In order to encourage people to save for their retirement, the Pension Protection Act of 2006 allows employers to automatically enroll you in their 401(k) plans. If an employer chooses to do this, a minimum of 3% of your paycheck will be automatically deducted and placed in your 401(k). You have 90 days after enrollment to notify the employer if you wish to opt out of the plan. If you wait more than 90 days to opt out, your funds are subject to income tax and a 10% withdrawal penalty. See the Pension Rights Center articleAutomatic Enrollment in 401(k)s for a detailed explanation.

Choosing Your Investments

Your employer will probably have a fund manager that takes care of your 401(k) plan. However, you are the one who decides how your money is invested, based on several choices the fund manager offers. If you are conservative, you'll likely choose low-risk investments in bonds or treasury certificates. If you are more of a risk taker, you may choose some aggressive growth and income stocks.As with any investment, you stand to lose principal if your investment decisions go awry. Make sure to allocate and diversify your investment choices to minimize the possibility of principal loss. To learn more about investing and allocating your investments wisely, read the related articles referred to in our Library.

What Happens If You Change Employers?

401(k)s are employee-funded, so it's your money! You take it with you when you leave. The good news is that if you are vested, you get to keep the funds your employer contributed as well. The term "vest" refers to your degree of ownership, based on the number of years of service to the employer. If you terminate your employment before you are vested, you will not receive the unvested portion of the employer's contribution, and it is returned to the employer.

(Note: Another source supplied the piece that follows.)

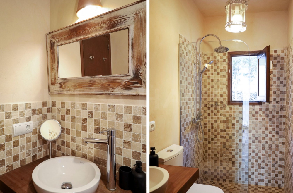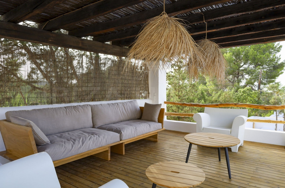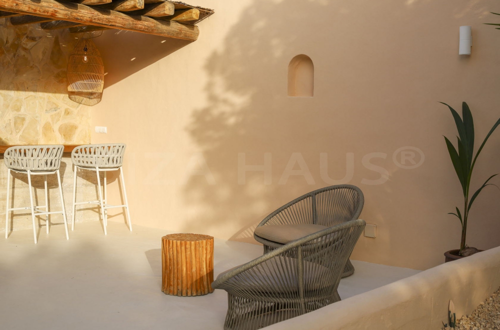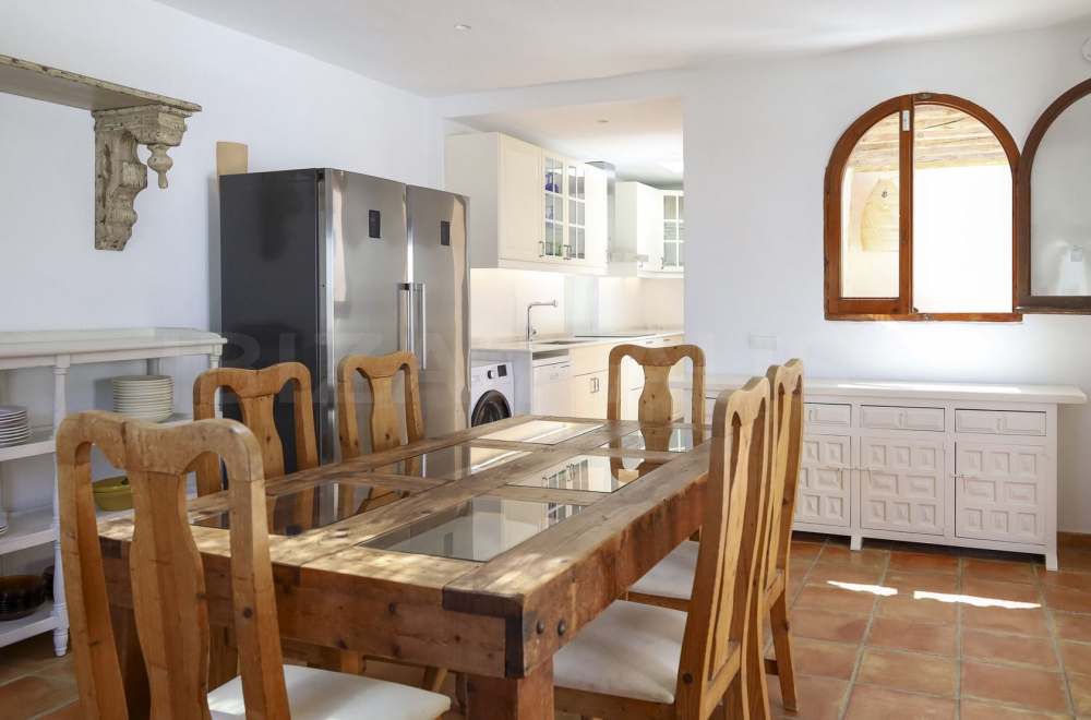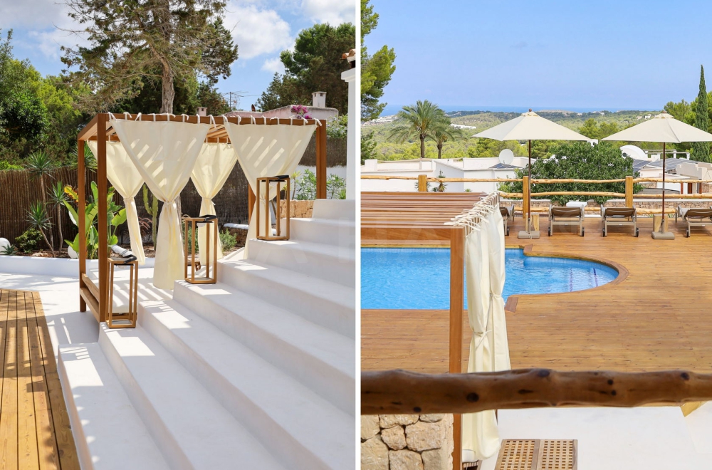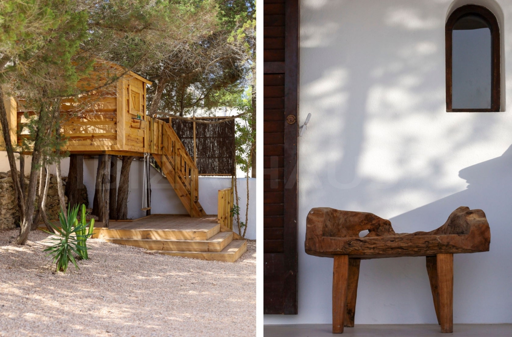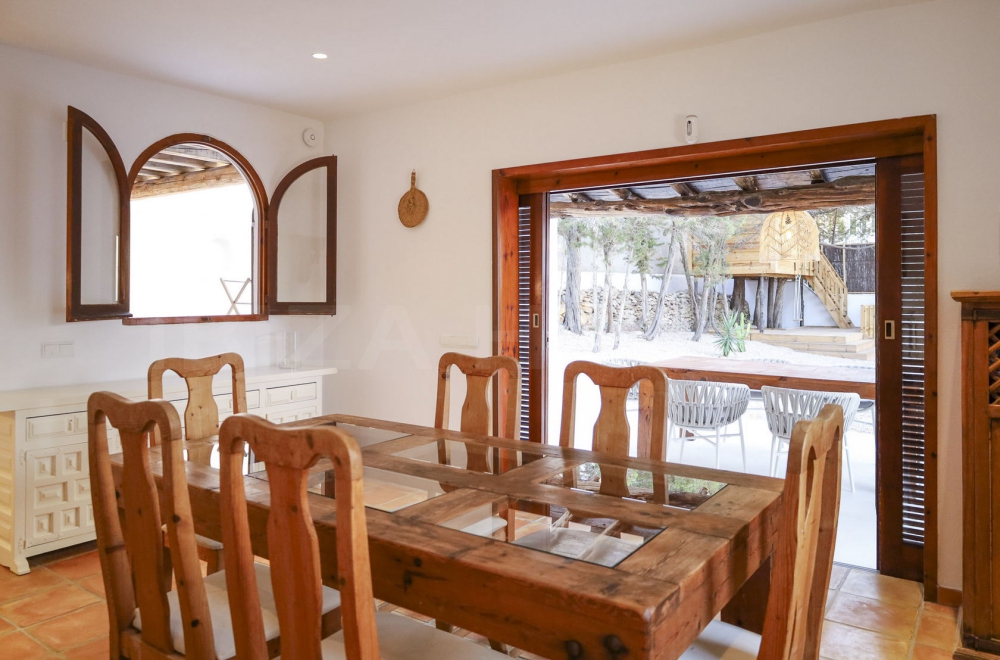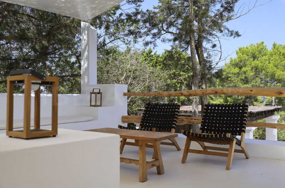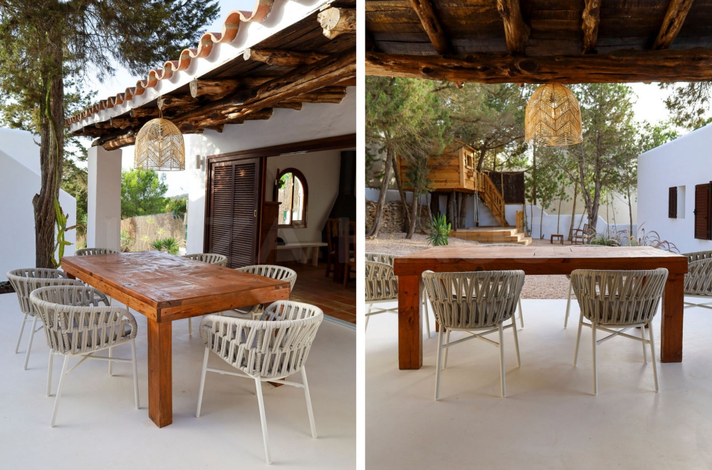 The highlight of the villa is its panoramic sea view, best enjoyed from the 9x5 m pool. The wooden terrace reveals a relaxing space with a covered veranda, sun loungers, and a Balinese-style bed. At the rear, a private courtyard surrounds the kitchen and dining room, complemented by a charming outdoor dining area under a veranda and a small wooden house nestled among the trees. Can Rafelet is more than just a holiday home; it is a true oasis of tranquility and comfort on the beautiful island of Ibiza.

For example, after three years you might be 40% vested, which means that you own 40% of the employer's contribution. According to law, you must become 100% vested after six years of employment if the employer is following a gradual vesting schedule. If the employer follows a cliff vesting schedule, you will become 100% vested after three years of employment, but will not receive any of the employer's contribution if you leave before that.

When It's Time to Retire

When you retire, you will generally be offered the following options to obtain the funds from your 401(k) investment:

  • Receive a lump-sum distribution. If you choose this option, you'll want to be very careful to reinvest your retirement funds cautiously. Remember, if you don't roll these funds into another tax-deferred investment, such as an Individual Retirement Account (IRA), your money will be fully taxable as soon as you receive it.

  • Withdraw your funds in installments over 5, 10, or 15 years. Each installment is taxed at your current tax rate when you receive it.

There are many things you'll want to evaluate before choosing your distribution options. In addition to assessing your other retirement income sources, you may also want to consider your age, health, marital situation, tax situation, and projected living expenses. You may have a benefits administrator who can run several "what-if" scenarios to help you decide on the best situation for you.